Exercise directions: Only the lines running from the line with "Arashi AWM-451A /" to the end of the records below belong in the answer, each copied exactly.

Dataset extract:
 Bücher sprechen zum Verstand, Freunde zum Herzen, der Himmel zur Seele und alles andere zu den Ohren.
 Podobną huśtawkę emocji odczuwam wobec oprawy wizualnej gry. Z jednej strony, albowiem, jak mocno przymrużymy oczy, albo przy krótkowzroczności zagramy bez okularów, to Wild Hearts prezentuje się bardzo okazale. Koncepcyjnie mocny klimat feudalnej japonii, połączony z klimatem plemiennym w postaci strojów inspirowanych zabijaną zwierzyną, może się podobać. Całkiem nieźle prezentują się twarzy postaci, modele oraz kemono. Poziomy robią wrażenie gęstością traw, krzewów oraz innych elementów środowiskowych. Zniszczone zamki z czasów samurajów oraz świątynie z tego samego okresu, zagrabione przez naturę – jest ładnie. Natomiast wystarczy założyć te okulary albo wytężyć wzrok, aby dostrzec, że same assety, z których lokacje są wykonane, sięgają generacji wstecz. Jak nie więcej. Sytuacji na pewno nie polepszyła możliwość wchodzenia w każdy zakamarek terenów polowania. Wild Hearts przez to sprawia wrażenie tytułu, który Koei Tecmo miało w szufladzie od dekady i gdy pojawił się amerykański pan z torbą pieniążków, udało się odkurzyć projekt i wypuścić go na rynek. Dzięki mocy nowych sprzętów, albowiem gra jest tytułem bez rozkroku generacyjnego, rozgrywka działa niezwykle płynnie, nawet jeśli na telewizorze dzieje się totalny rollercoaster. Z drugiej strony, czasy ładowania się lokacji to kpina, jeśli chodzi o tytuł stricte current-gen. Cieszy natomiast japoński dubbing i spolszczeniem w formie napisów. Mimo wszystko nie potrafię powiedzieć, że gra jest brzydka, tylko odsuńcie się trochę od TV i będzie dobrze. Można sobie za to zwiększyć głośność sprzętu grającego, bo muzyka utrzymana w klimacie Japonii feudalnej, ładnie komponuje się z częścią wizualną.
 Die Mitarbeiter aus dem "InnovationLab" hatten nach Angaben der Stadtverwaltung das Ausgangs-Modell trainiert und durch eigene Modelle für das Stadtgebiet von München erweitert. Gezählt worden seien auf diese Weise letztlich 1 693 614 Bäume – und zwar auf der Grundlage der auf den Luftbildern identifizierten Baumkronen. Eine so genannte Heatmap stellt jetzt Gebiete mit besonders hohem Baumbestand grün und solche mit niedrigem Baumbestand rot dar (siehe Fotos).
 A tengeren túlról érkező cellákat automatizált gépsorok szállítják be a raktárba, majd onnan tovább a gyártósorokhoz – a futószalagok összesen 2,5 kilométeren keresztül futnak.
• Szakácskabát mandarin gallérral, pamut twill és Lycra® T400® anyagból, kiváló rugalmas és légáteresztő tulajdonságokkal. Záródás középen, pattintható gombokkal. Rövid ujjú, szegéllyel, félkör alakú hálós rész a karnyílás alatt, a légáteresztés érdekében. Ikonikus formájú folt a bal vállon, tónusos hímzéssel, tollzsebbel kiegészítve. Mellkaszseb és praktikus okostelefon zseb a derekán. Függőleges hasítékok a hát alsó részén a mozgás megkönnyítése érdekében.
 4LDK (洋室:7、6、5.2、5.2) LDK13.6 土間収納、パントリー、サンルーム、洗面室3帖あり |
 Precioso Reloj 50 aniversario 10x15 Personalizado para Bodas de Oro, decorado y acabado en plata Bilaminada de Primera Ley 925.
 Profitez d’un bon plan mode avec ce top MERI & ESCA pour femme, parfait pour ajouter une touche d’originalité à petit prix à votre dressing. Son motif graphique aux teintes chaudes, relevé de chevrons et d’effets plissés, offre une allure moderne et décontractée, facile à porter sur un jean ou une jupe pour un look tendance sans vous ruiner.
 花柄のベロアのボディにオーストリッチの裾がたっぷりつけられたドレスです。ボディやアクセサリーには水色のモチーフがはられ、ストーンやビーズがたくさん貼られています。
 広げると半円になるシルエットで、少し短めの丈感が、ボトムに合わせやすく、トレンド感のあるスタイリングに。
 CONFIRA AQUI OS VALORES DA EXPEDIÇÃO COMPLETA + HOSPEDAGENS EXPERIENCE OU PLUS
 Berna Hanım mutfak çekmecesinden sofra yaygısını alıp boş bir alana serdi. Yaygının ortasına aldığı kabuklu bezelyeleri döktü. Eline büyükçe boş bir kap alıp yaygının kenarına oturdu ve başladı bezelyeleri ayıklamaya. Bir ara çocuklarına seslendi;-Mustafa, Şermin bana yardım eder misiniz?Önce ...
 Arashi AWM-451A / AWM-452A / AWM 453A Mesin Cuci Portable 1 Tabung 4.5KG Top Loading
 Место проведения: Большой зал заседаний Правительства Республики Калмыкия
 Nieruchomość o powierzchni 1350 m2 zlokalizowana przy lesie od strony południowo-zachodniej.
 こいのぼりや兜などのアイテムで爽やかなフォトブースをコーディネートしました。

Answer space:
 Arashi AWM-451A / AWM-452A / AWM 453A Mesin Cuci Portable 1 Tabung 4.5KG Top Loading
 Место проведения: Большой зал заседаний Правительства Республики Калмыкия
 Nieruchomość o powierzchni 1350 m2 zlokalizowana przy lesie od strony południowo-zachodniej.
 こいのぼりや兜などのアイテムで爽やかなフォトブースをコーディネートしました。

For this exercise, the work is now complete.